All that belongs in the answer is the lines from the one containing "Cellphone or computer" to the end of the listing below, copied exactly, pictures excluded.
---------- DATA ----------
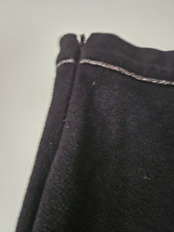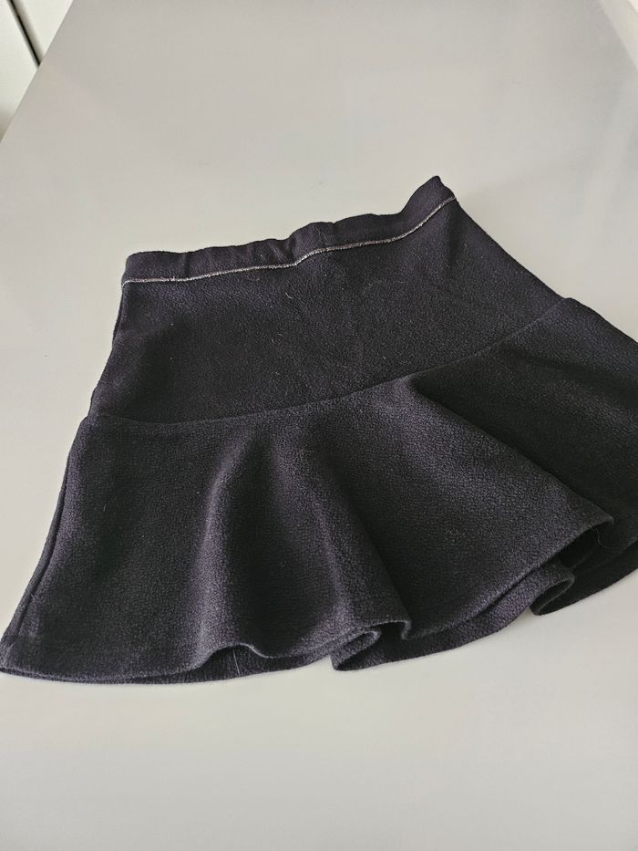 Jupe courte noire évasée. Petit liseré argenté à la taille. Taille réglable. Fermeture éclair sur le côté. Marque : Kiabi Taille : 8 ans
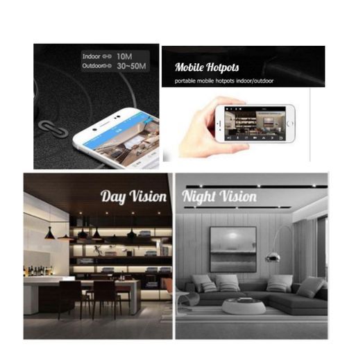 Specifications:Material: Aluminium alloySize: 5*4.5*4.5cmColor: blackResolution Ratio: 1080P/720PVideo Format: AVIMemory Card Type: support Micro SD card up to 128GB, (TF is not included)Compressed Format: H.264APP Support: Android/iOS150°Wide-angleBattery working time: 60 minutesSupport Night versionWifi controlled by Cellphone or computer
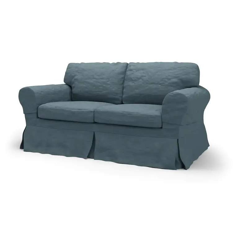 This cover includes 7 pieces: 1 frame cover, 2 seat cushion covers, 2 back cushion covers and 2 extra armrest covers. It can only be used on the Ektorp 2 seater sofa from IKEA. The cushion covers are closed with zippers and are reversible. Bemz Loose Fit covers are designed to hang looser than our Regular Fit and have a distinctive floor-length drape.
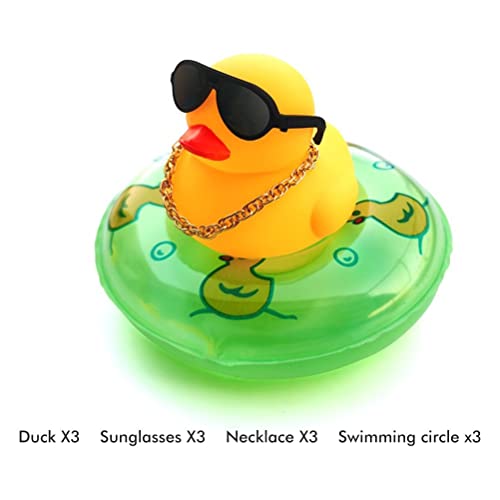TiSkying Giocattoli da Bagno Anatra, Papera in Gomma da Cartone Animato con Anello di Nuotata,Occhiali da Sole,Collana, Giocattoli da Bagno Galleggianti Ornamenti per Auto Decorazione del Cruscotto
----------
● **SOLUTION**:
 Specifications:Material: Aluminium alloySize: 5*4.5*4.5cmColor: blackResolution Ratio: 1080P/720PVideo Format: AVIMemory Card Type: support Micro SD card up to 128GB, (TF is not included)Compressed Format: H.264APP Support: Android/iOS150°Wide-angleBattery working time: 60 minutesSupport Night versionWifi controlled by Cellphone or computer
 This cover includes 7 pieces: 1 frame cover, 2 seat cushion covers, 2 back cushion covers and 2 extra armrest covers. It can only be used on the Ektorp 2 seater sofa from IKEA. The cushion covers are closed with zippers and are reversible. Bemz Loose Fit covers are designed to hang looser than our Regular Fit and have a distinctive floor-length drape.
TiSkying Giocattoli da Bagno Anatra, Papera in Gomma da Cartone Animato con Anello di Nuotata,Occhiali da Sole,Collana, Giocattoli da Bagno Galleggianti Ornamenti per Auto Decorazione del Cruscotto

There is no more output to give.